==== Records for the task ====

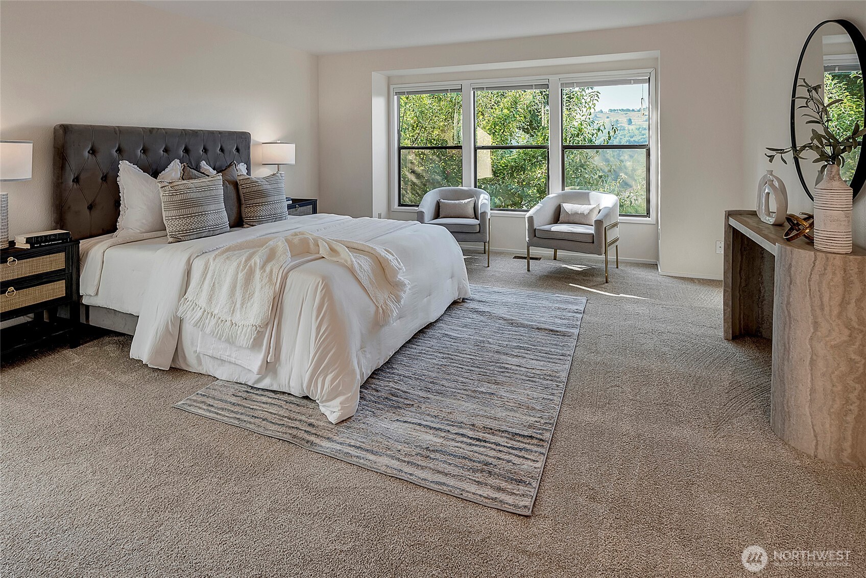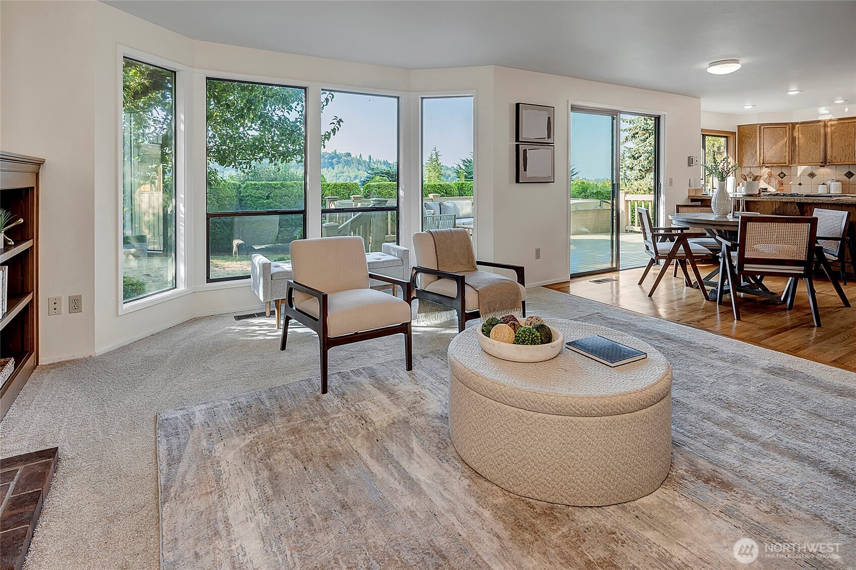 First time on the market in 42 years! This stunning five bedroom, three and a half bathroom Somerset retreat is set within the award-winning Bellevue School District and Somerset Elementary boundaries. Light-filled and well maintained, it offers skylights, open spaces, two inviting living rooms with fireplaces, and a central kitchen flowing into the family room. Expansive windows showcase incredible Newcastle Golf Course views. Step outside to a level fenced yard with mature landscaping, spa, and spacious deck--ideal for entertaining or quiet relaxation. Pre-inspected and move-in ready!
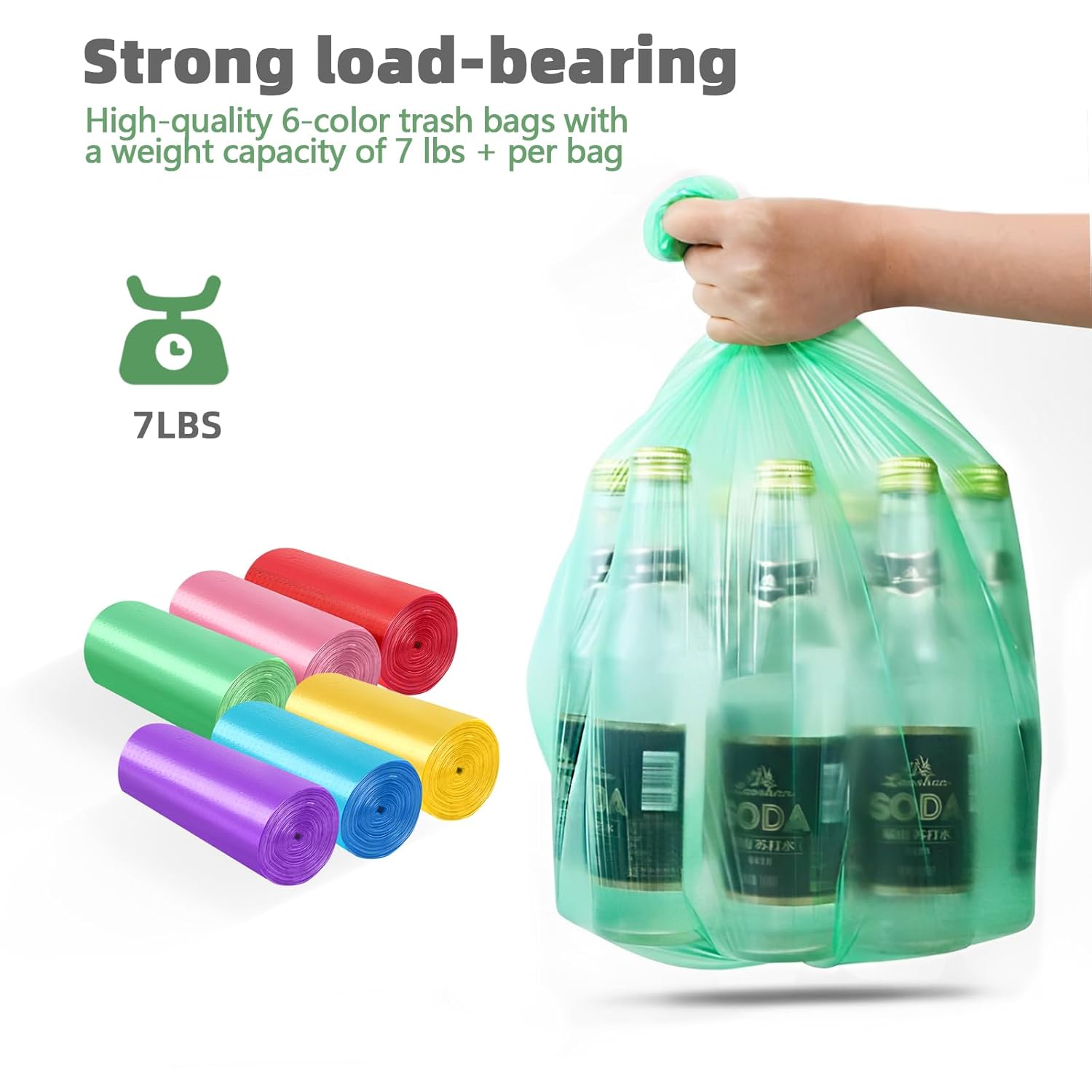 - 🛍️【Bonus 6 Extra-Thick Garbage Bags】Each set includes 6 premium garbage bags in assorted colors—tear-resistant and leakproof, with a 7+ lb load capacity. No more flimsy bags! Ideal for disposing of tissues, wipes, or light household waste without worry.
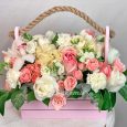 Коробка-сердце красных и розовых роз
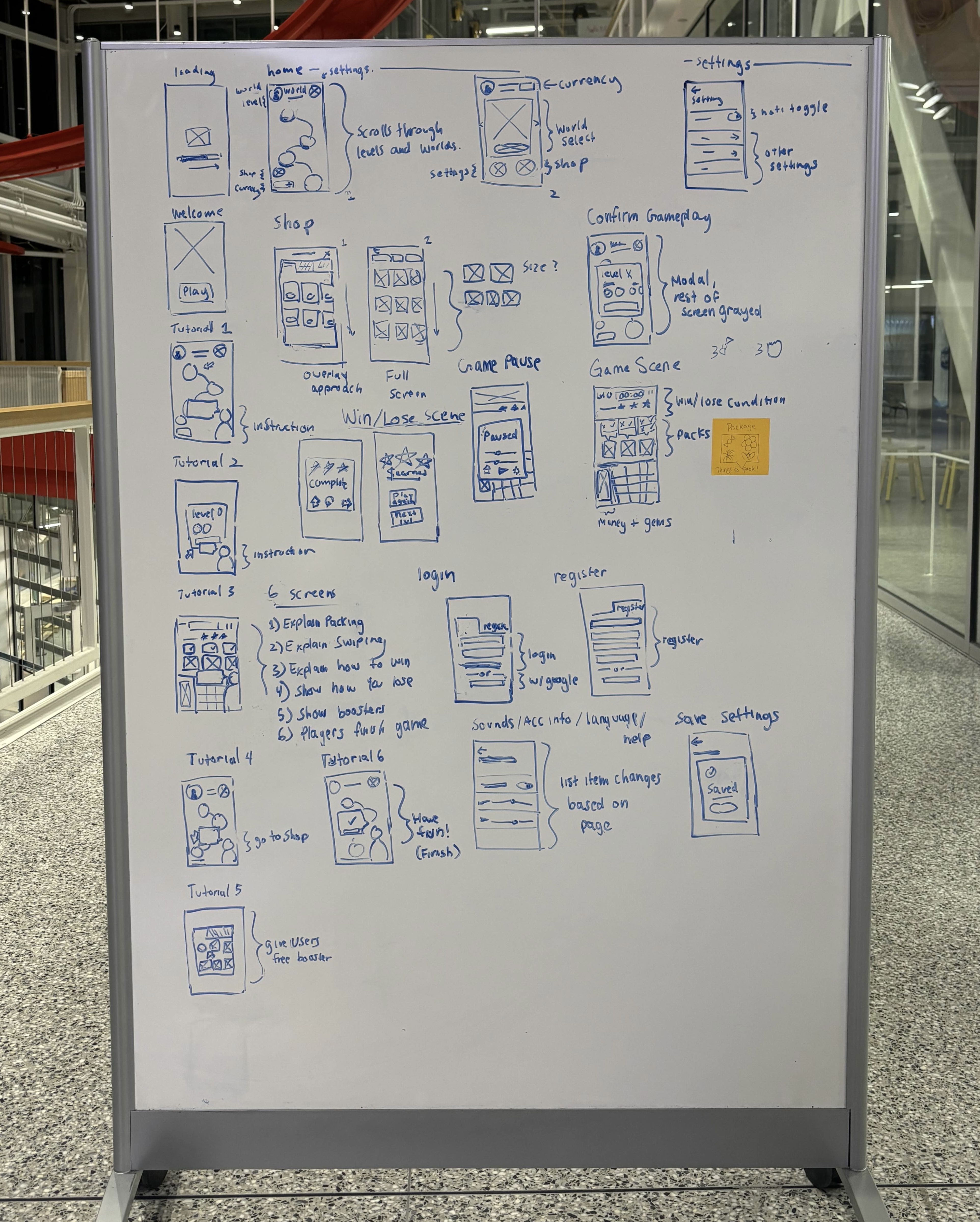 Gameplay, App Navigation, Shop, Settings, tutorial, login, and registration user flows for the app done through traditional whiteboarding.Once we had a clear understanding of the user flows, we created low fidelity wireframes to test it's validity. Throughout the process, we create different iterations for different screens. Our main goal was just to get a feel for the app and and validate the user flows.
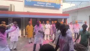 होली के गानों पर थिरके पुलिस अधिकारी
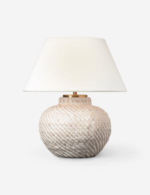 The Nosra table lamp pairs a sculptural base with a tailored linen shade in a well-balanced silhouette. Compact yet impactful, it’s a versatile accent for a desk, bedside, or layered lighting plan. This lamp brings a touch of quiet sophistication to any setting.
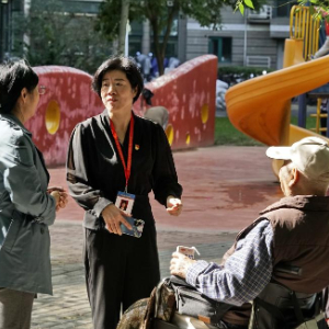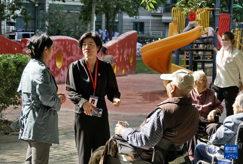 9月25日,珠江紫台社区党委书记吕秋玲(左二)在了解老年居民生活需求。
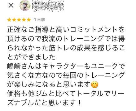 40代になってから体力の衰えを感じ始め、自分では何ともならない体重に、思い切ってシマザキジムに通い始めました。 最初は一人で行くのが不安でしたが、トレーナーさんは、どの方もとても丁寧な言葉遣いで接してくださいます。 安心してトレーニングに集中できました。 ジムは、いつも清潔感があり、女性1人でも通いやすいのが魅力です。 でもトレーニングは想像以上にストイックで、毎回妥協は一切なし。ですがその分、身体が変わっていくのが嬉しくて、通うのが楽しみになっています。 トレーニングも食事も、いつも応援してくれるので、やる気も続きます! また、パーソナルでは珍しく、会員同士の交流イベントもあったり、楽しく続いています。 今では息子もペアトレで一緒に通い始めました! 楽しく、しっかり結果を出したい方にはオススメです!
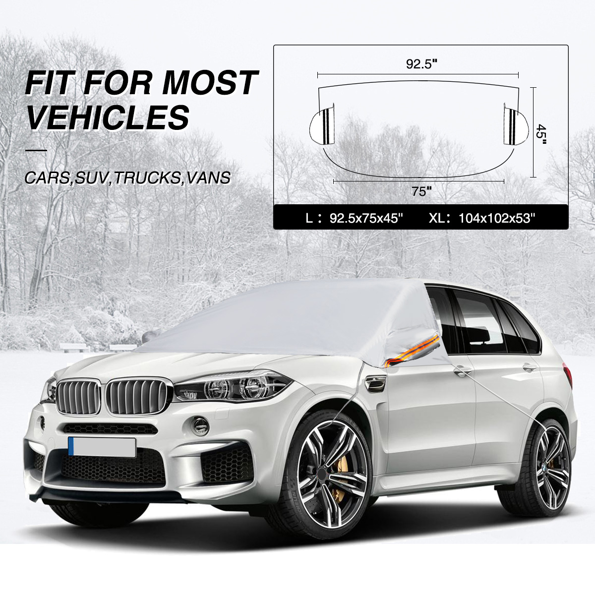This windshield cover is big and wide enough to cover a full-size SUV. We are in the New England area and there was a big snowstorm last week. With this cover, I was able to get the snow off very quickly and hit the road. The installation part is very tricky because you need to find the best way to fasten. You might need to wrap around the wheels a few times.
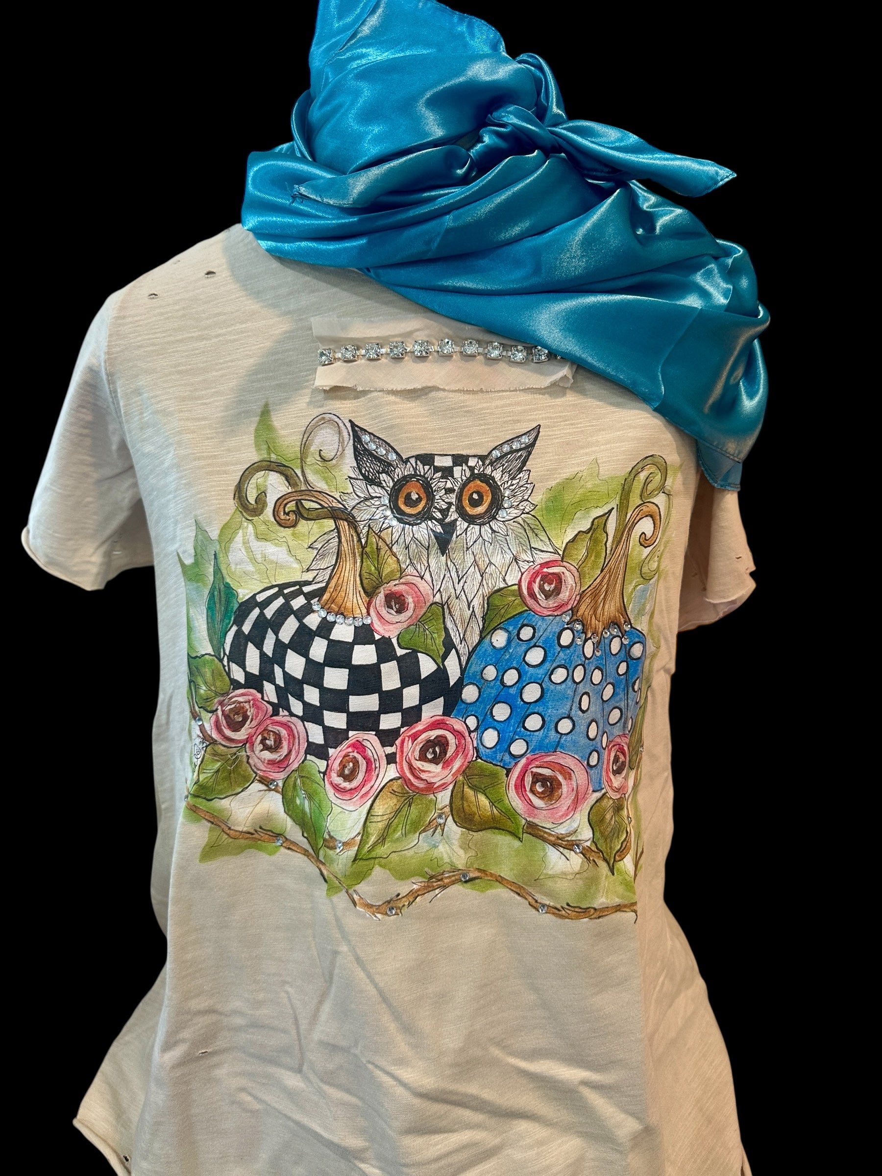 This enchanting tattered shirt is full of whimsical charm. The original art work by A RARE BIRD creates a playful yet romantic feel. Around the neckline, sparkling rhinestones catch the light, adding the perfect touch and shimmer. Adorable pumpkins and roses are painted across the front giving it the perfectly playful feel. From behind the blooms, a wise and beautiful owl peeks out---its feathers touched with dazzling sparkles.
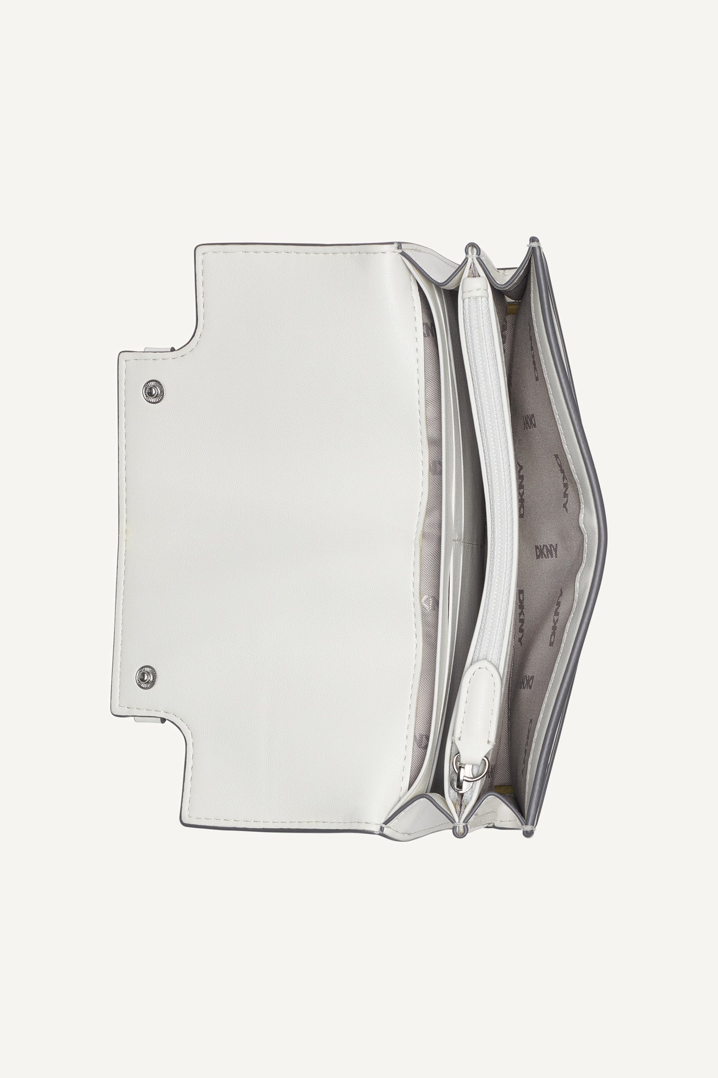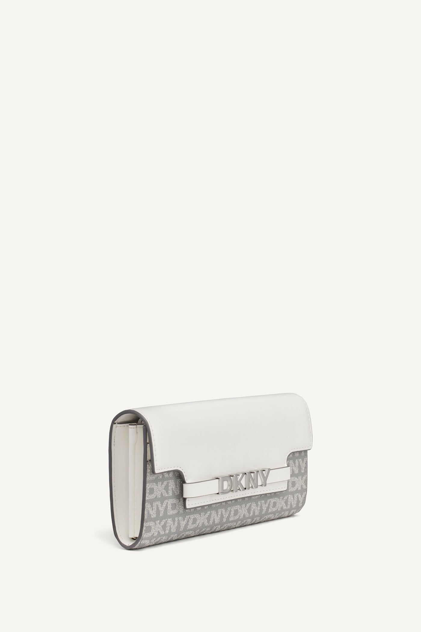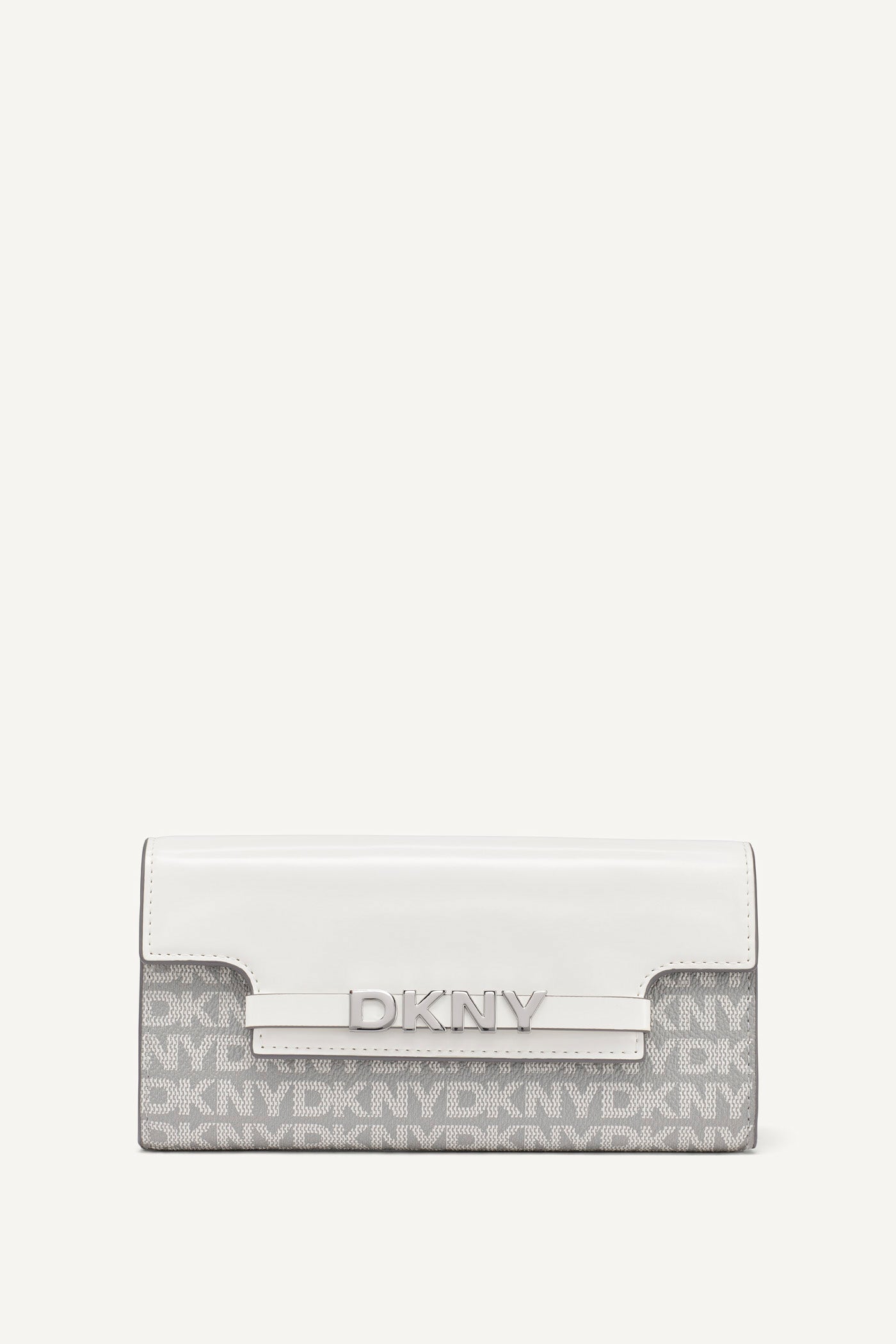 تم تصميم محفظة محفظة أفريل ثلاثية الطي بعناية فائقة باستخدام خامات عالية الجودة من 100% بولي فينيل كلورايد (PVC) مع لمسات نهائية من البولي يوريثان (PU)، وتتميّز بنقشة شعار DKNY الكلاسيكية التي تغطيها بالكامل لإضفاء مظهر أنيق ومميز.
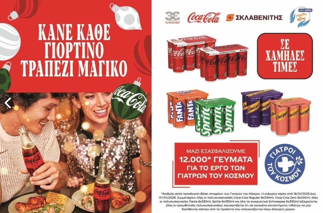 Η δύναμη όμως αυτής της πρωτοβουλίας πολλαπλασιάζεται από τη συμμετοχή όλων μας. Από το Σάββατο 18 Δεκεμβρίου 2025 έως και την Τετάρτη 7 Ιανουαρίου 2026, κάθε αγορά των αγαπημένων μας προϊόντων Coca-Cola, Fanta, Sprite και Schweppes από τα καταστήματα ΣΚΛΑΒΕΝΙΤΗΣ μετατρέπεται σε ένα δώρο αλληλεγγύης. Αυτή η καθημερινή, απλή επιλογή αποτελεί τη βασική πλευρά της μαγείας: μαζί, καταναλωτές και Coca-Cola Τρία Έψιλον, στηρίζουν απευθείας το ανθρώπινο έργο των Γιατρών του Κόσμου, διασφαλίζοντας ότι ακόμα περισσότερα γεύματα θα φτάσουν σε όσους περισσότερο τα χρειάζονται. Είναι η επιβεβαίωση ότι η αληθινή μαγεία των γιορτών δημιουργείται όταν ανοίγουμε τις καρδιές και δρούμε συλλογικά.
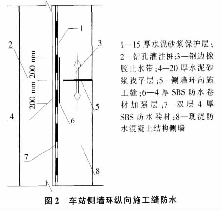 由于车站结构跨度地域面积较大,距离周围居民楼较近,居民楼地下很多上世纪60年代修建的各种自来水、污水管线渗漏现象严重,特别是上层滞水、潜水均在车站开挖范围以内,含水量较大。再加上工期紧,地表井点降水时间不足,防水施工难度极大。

====

▸ **Task instructions**
Reproduce each entry above word for word. Pictures are not part of the copy.

▸ **Answer to this task**
 First time on the market in 42 years! This stunning five bedroom, three and a half bathroom Somerset retreat is set within the award-winning Bellevue School District and Somerset Elementary boundaries. Light-filled and well maintained, it offers skylights, open spaces, two inviting living rooms with fireplaces, and a central kitchen flowing into the family room. Expansive windows showcase incredible Newcastle Golf Course views. Step outside to a level fenced yard with mature landscaping, spa, and spacious deck--ideal for entertaining or quiet relaxation. Pre-inspected and move-in ready!
 - 🛍️【Bonus 6 Extra-Thick Garbage Bags】Each set includes 6 premium garbage bags in assorted colors—tear-resistant and leakproof, with a 7+ lb load capacity. No more flimsy bags! Ideal for disposing of tissues, wipes, or light household waste without worry.
 Коробка-сердце красных и розовых роз
 Gameplay, App Navigation, Shop, Settings, tutorial, login, and registration user flows for the app done through traditional whiteboarding.Once we had a clear understanding of the user flows, we created low fidelity wireframes to test it's validity. Throughout the process, we create different iterations for different screens. Our main goal was just to get a feel for the app and and validate the user flows.
 होली के गानों पर थिरके पुलिस अधिकारी
 The Nosra table lamp pairs a sculptural base with a tailored linen shade in a well-balanced silhouette. Compact yet impactful, it’s a versatile accent for a desk, bedside, or layered lighting plan. This lamp brings a touch of quiet sophistication to any setting.
 9月25日,珠江紫台社区党委书记吕秋玲(左二)在了解老年居民生活需求。
 40代になってから体力の衰えを感じ始め、自分では何ともならない体重に、思い切ってシマザキジムに通い始めました。 最初は一人で行くのが不安でしたが、トレーナーさんは、どの方もとても丁寧な言葉遣いで接してくださいます。 安心してトレーニングに集中できました。 ジムは、いつも清潔感があり、女性1人でも通いやすいのが魅力です。 でもトレーニングは想像以上にストイックで、毎回妥協は一切なし。ですがその分、身体が変わっていくのが嬉しくて、通うのが楽しみになっています。 トレーニングも食事も、いつも応援してくれるので、やる気も続きます! また、パーソナルでは珍しく、会員同士の交流イベントもあったり、楽しく続いています。 今では息子もペアトレで一緒に通い始めました! 楽しく、しっかり結果を出したい方にはオススメです!
This windshield cover is big and wide enough to cover a full-size SUV. We are in the New England area and there was a big snowstorm last week. With this cover, I was able to get the snow off very quickly and hit the road. The installation part is very tricky because you need to find the best way to fasten. You might need to wrap around the wheels a few times.
 This enchanting tattered shirt is full of whimsical charm. The original art work by A RARE BIRD creates a playful yet romantic feel. Around the neckline, sparkling rhinestones catch the light, adding the perfect touch and shimmer. Adorable pumpkins and roses are painted across the front giving it the perfectly playful feel. From behind the blooms, a wise and beautiful owl peeks out---its feathers touched with dazzling sparkles.
 تم تصميم محفظة محفظة أفريل ثلاثية الطي بعناية فائقة باستخدام خامات عالية الجودة من 100% بولي فينيل كلورايد (PVC) مع لمسات نهائية من البولي يوريثان (PU)، وتتميّز بنقشة شعار DKNY الكلاسيكية التي تغطيها بالكامل لإضفاء مظهر أنيق ومميز.
 Η δύναμη όμως αυτής της πρωτοβουλίας πολλαπλασιάζεται από τη συμμετοχή όλων μας. Από το Σάββατο 18 Δεκεμβρίου 2025 έως και την Τετάρτη 7 Ιανουαρίου 2026, κάθε αγορά των αγαπημένων μας προϊόντων Coca-Cola, Fanta, Sprite και Schweppes από τα καταστήματα ΣΚΛΑΒΕΝΙΤΗΣ μετατρέπεται σε ένα δώρο αλληλεγγύης. Αυτή η καθημερινή, απλή επιλογή αποτελεί τη βασική πλευρά της μαγείας: μαζί, καταναλωτές και Coca-Cola Τρία Έψιλον, στηρίζουν απευθείας το ανθρώπινο έργο των Γιατρών του Κόσμου, διασφαλίζοντας ότι ακόμα περισσότερα γεύματα θα φτάσουν σε όσους περισσότερο τα χρειάζονται. Είναι η επιβεβαίωση ότι η αληθινή μαγεία των γιορτών δημιουργείται όταν ανοίγουμε τις καρδιές και δρούμε συλλογικά.
 由于车站结构跨度地域面积较大,距离周围居民楼较近,居民楼地下很多上世纪60年代修建的各种自来水、污水管线渗漏现象严重,特别是上层滞水、潜水均在车站开挖范围以内,含水量较大。再加上工期紧,地表井点降水时间不足,防水施工难度极大。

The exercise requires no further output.